En 10 ans, les résultats sont divers et arrivent à un tournant. Nous avons désormais 14%
de femmes associées, et devons travailler sur la sélection des plus jeunes. Le sujet chez
Mazars est clairement identifié, mais il n’est pas encore partagé par tous les pays. Le
périmètre du sujet est toujours flou, parlons-nous de l’égalité femme homme, des
handicapés, des LGTB ou des diplômes de provenance diverse. Là aussi les avis des pays
divergent, les anglais travaillent sur la race et les religions, les français comme d’autres,
sur la place des femmes. Les femmes elles-mêmes restent toujours divisées, les féministes
des pays nordiques ou américains, plus fermes dans leur position, s’affrontent avec les
adeptes du soft power. Le vrai problème ne réside pas là. Il réside en fait dans une
révolution totale de l’organisation d’une entreprise.
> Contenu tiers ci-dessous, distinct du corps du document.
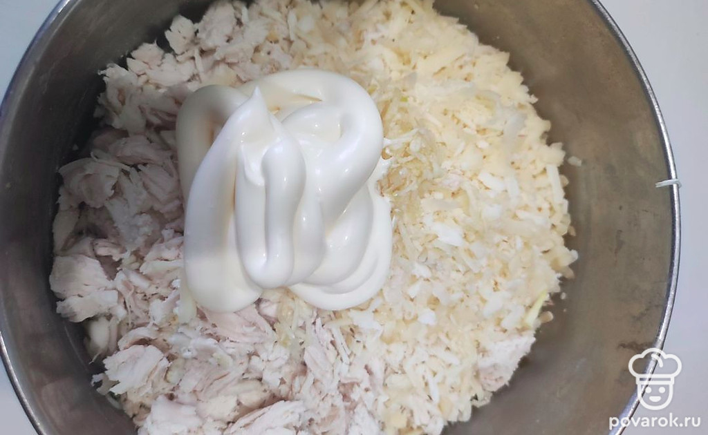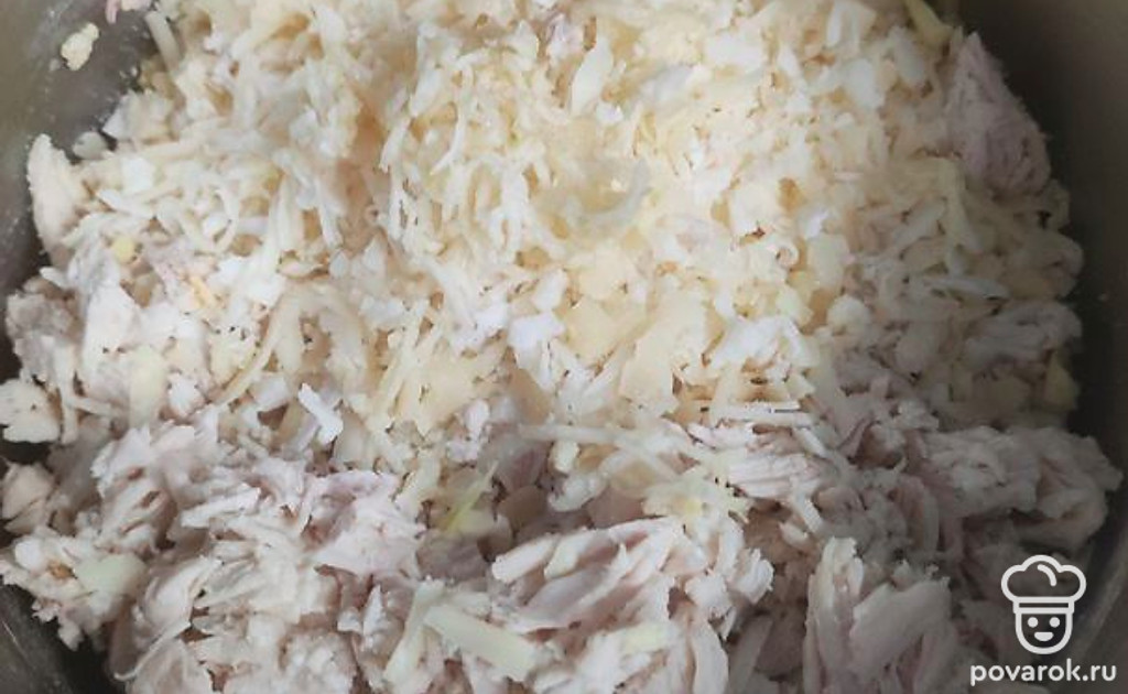 Смешайте мелко нарезанную вареную грудку, натертый на мелкой терке сыр и белок. По вкусу добавьте соль, перец (можно добавить чеснок).

Le monde est au centre de trois
révolutions dont l’impact est amplifié par cette collusion. Désormais le travail des femmes
est visible et rémunéré. 56% d’entre elles travaillent dans le monde. Or les femmes
apportent dans l’entreprise tout ce qui a trait à la vie privée car ce sont encore elles qui en
majorité sont responsables des enfants, de la vie quotidienne, de la famille. Une vie privée
que les hommes avaient auparavant laissée à la maison, justement dans les mains de leurs
femmes. Notre environnement est devenu hyper connecté. Nous avons totalement changé
nos méthodes de travail et nos façons de vivre, rendant tout à fait poreuse la séparation
entre la vie privée et la vie professionnelle. Enfin la génération dite « Y » arrive dans les
entreprises, elle veut être écoutée, prise en compte et travailler différemment car elle place
en premier un équilibre de vie. Cet équilibre est souhaité par les femmes tout comme par
la nouvelle génération, il est désormais permis grâce aux nouveaux outils et certains
hommes en rêvent.

Conclusion

Il en résulte une nécessité impérative pour les entreprises de repenser totalement leur
organisation pour y introduire le rythme de la vie, enfant, maladie, vieillesse. Pour y faire
vivre 3 générations concomitamment, et surtout pour casser les stéréotypes fortement
ancrés dans tous nos esprits. Il me semble que ce n’est pas la fin de la diversité qui nous
arrive mais plutôt un changement de direction. Ce n’est pas parce que l’on aura 40% de
femmes ou de personnes de couleurs que cela changera. C’est parce que l’on aura compris
que l’organisation des entreprises faite sur un modèle masculin de pays riche doit être
totalement repensée à l’aune d’un nouveau monde. D’autant que l’intégration des femmes
est un sujet éminemment politique et démontre le niveau démocratique d’un pays.
Travailler sur une flexibilité ou une modification des règles du travail, repenser la notion
de travail et tenter de casser les stéréotypes ou du moins en prendre conscience, tels sont
les directions que devrait prendre la gestion de la diversité. Et si on la nommait la gestion
de l’égalité des chances et des compétences ?

Muriel de Saint Sauveur. Directrice de la Diversité/ Groupe Mazars.